# Exercise
Here the job is to copy the data exactly and to exclude every image from it.
══ Supplied material
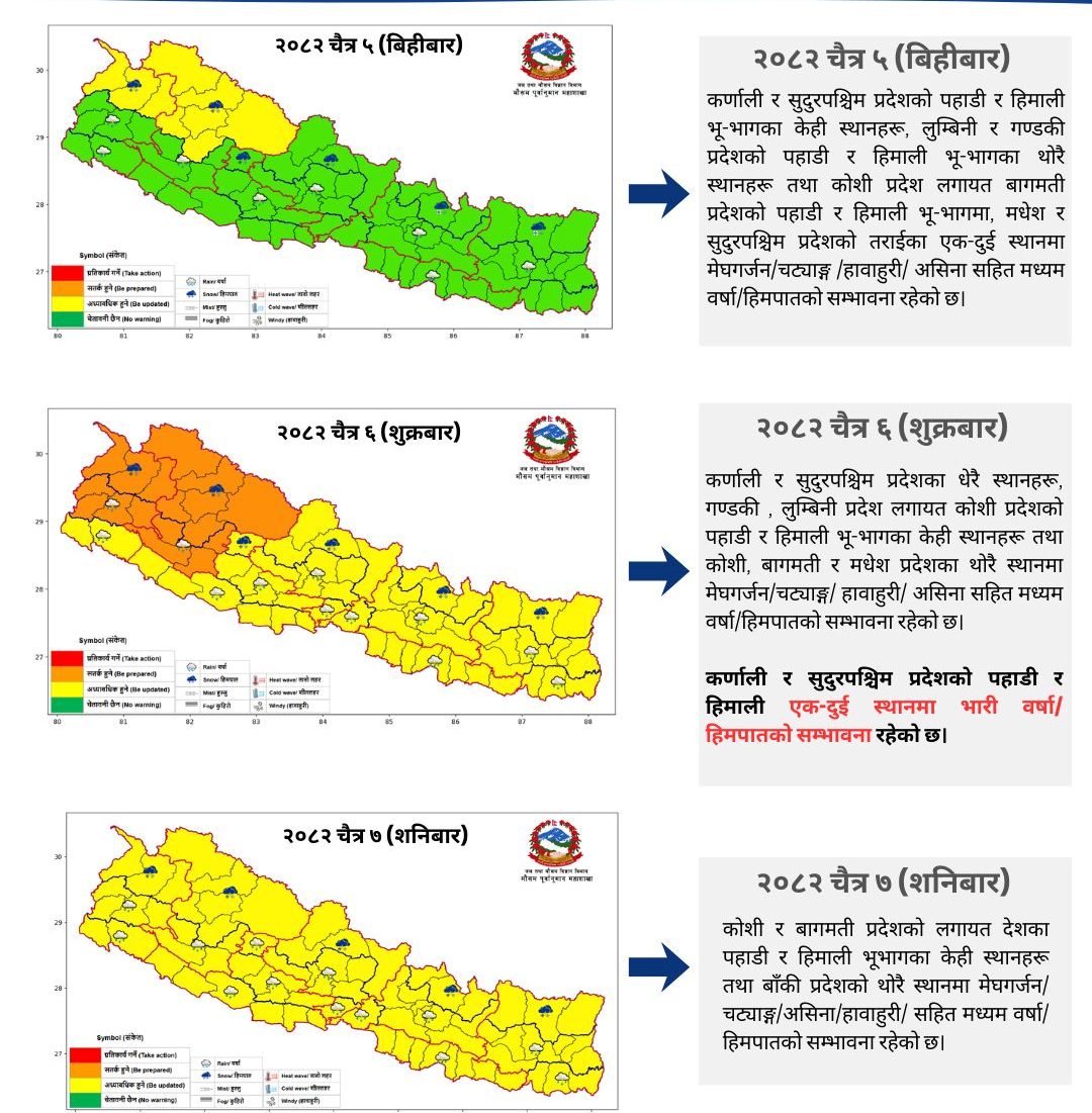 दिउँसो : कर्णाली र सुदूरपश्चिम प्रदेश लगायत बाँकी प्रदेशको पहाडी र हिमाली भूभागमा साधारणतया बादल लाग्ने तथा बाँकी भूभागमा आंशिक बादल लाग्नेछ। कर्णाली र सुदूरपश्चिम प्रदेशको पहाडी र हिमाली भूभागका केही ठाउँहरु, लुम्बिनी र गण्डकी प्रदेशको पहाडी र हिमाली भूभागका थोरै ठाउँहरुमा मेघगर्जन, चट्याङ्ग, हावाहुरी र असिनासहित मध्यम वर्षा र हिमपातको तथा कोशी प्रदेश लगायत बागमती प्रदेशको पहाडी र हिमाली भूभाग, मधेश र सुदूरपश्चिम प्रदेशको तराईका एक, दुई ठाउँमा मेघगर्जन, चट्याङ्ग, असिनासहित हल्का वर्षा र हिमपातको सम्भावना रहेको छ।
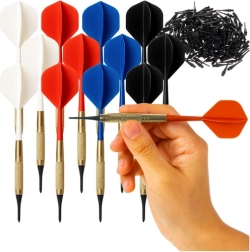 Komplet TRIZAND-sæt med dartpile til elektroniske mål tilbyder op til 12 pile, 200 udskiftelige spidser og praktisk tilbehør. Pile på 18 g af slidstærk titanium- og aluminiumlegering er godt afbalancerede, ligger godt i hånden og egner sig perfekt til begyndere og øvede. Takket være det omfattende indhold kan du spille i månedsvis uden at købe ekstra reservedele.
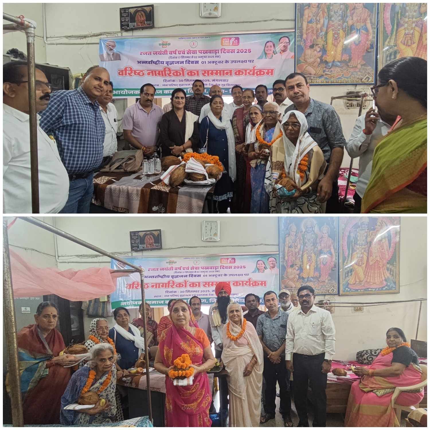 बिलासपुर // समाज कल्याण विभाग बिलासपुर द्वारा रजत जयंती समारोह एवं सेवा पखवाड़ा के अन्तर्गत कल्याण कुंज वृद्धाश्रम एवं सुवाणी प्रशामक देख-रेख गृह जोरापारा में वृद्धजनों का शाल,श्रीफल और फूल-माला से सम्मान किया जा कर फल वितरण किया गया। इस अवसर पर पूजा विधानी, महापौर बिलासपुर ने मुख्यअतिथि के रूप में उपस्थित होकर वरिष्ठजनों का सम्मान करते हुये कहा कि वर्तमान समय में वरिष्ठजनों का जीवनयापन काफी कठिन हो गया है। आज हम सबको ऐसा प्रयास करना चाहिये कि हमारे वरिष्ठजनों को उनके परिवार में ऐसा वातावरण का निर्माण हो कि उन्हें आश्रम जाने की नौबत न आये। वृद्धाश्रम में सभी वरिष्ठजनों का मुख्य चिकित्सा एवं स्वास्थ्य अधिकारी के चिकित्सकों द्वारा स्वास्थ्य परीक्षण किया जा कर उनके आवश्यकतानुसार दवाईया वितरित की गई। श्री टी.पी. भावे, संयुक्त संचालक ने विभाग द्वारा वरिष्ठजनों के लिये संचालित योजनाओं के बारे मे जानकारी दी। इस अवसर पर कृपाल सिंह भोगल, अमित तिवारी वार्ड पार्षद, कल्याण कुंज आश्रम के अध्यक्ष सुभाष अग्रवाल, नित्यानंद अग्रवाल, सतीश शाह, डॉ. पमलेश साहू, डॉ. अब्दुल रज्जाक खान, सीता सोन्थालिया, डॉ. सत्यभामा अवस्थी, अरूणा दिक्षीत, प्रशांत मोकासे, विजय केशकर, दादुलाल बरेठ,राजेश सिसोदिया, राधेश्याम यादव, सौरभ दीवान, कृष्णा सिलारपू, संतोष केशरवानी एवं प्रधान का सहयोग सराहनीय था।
════
# Response to this task
 दिउँसो : कर्णाली र सुदूरपश्चिम प्रदेश लगायत बाँकी प्रदेशको पहाडी र हिमाली भूभागमा साधारणतया बादल लाग्ने तथा बाँकी भूभागमा आंशिक बादल लाग्नेछ। कर्णाली र सुदूरपश्चिम प्रदेशको पहाडी र हिमाली भूभागका केही ठाउँहरु, लुम्बिनी र गण्डकी प्रदेशको पहाडी र हिमाली भूभागका थोरै ठाउँहरुमा मेघगर्जन, चट्याङ्ग, हावाहुरी र असिनासहित मध्यम वर्षा र हिमपातको तथा कोशी प्रदेश लगायत बागमती प्रदेशको पहाडी र हिमाली भूभाग, मधेश र सुदूरपश्चिम प्रदेशको तराईका एक, दुई ठाउँमा मेघगर्जन, चट्याङ्ग, असिनासहित हल्का वर्षा र हिमपातको सम्भावना रहेको छ।
 Komplet TRIZAND-sæt med dartpile til elektroniske mål tilbyder op til 12 pile, 200 udskiftelige spidser og praktisk tilbehør. Pile på 18 g af slidstærk titanium- og aluminiumlegering er godt afbalancerede, ligger godt i hånden og egner sig perfekt til begyndere og øvede. Takket være det omfattende indhold kan du spille i månedsvis uden at købe ekstra reservedele.
 बिलासपुर // समाज कल्याण विभाग बिलासपुर द्वारा रजत जयंती समारोह एवं सेवा पखवाड़ा के अन्तर्गत कल्याण कुंज वृद्धाश्रम एवं सुवाणी प्रशामक देख-रेख गृह जोरापारा में वृद्धजनों का शाल,श्रीफल और फूल-माला से सम्मान किया जा कर फल वितरण किया गया। इस अवसर पर पूजा विधानी, महापौर बिलासपुर ने मुख्यअतिथि के रूप में उपस्थित होकर वरिष्ठजनों का सम्मान करते हुये कहा कि वर्तमान समय में वरिष्ठजनों का जीवनयापन काफी कठिन हो गया है। आज हम सबको ऐसा प्रयास करना चाहिये कि हमारे वरिष्ठजनों को उनके परिवार में ऐसा वातावरण का निर्माण हो कि उन्हें आश्रम जाने की नौबत न आये। वृद्धाश्रम में सभी वरिष्ठजनों का मुख्य चिकित्सा एवं स्वास्थ्य अधिकारी के चिकित्सकों द्वारा स्वास्थ्य परीक्षण किया जा कर उनके आवश्यकतानुसार दवाईया वितरित की गई। श्री टी.पी. भावे, संयुक्त संचालक ने विभाग द्वारा वरिष्ठजनों के लिये संचालित योजनाओं के बारे मे जानकारी दी। इस अवसर पर कृपाल सिंह भोगल, अमित तिवारी वार्ड पार्षद, कल्याण कुंज आश्रम के अध्यक्ष सुभाष अग्रवाल, नित्यानंद अग्रवाल, सतीश शाह, डॉ. पमलेश साहू, डॉ. अब्दुल रज्जाक खान, सीता सोन्थालिया, डॉ. सत्यभामा अवस्थी, अरूणा दिक्षीत, प्रशांत मोकासे, विजय केशकर, दादुलाल बरेठ,राजेश सिसोदिया, राधेश्याम यादव, सौरभ दीवान, कृष्णा सिलारपू, संतोष केशरवानी एवं प्रधान का सहयोग सराहनीय था।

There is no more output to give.